Donald Trump will be sworn in as the President of the United States of America on Friday 20th January, and many people are scratching their heads and wondering how this has happened.
Trump defies all conventional rules of politics. He’s a former reality television star who seems to take pleasure in offending entire groups of people, such as Mexicans, the disabled and Muslims.
Trump seems to be an anomaly. Yet the author and doctor Deepak Chopra has a different perspective on the emergence of Donald Trump.
Chopra says Trump’s success comes from a side of human nature that exists inside all of us, and offers some steps for how we can combat this.
The secret side of human nature has a special name
In a recent article in Huffington Post, Chopra says Trump’s rise is based on the following:
“In reality Trump isn’t bizarre or anomalous. He stands for something universal, something right before our eyes. It’s an aspect of the human psyche that we feel embarrassed and ashamed of, which makes it our collective secret. Going back a century in the field of depth psychology, the secret side of human nature acquired a special name: the shadow.

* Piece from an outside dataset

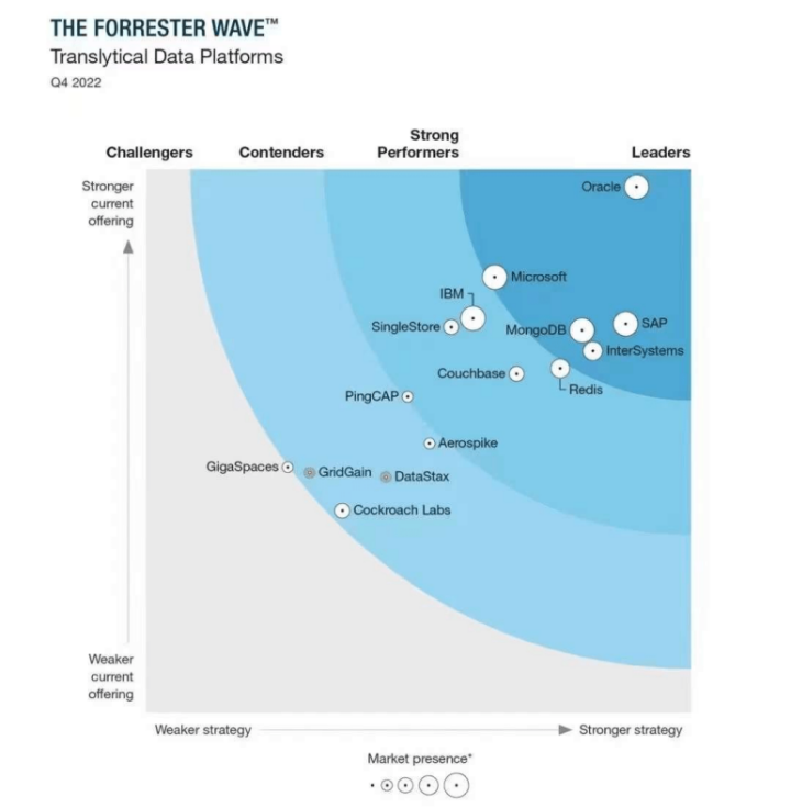 2022 年 12 月 6 日,国际权威研究机构 Forrester 发布了「Forrester Wave™: Translytical Data Platforms, Q4 2022 」报告,通过 26 项指标对全球 15 家主要的 Translytical 平台展开评估,包含 IBM、微软、Oracle、SAP 等成熟供应商,以及 Singlestore 、PingCAP 等新兴厂商。

“The shadow compounds all the dark impulses—hatred, aggression, sadism, selfishness, jealousy, resentment, sexual transgression—that are hidden out of sight. The name originated with Carl Jung, but its basic origin came from Freud’s insight that our psyches are dualistic, sharply divided between the conscious and unconscious. The rise of civilization is a tribute to how well we obey our conscious mind and suppress our unconscious side. But what hides in the shadows will out.”
According to Chopra, the shadow side is inside all of us, and it’s something we need to face head on.
“If Trump is the latest expression of the shadow, he isn’t a bizarre anomaly, which would be true if normal, rational values are your only standard of measure. Turn the coin over, making the unconscious your standard of measure, and he is absolutely typical. When the shadow breaks out, what’s wrong is right. Being transgressive feels like a relief, because suddenly the collective psyche can gambol in forbidden fields. When Trump indulges in rampant bad behavior and at the same time says to his riotous audiences, “This is fun, isn’t it?” he’s expressing in public our ashamed impulse to stop obeying the rules.”
The danger that Chopra foresees is the shadow forces getting out of control, as we saw in the first half of the twentieth with two world wars. Therefore, Chopra offers each of us some steps for looking within and confronting the shadow side that exists in all of us.
After all, the best way to change the world is to change ourselves.
Here are Chopra’s suggestions:
01. See Trumpism for what it is, a confrontation with the shadow.
02. Instead of demonizing him, acknowledge that the shadow is in everyone and always has been.
03. At the same time, realize that the shadow never wins in the end.
04. Find every opening to reinforce the value of returning to right and reason in your own life.
05. Don’t fight the shadow with the shadow, which means not stooping to play by Trump’s nihilistic rules—he will always be willing to go lower than you are willing to go.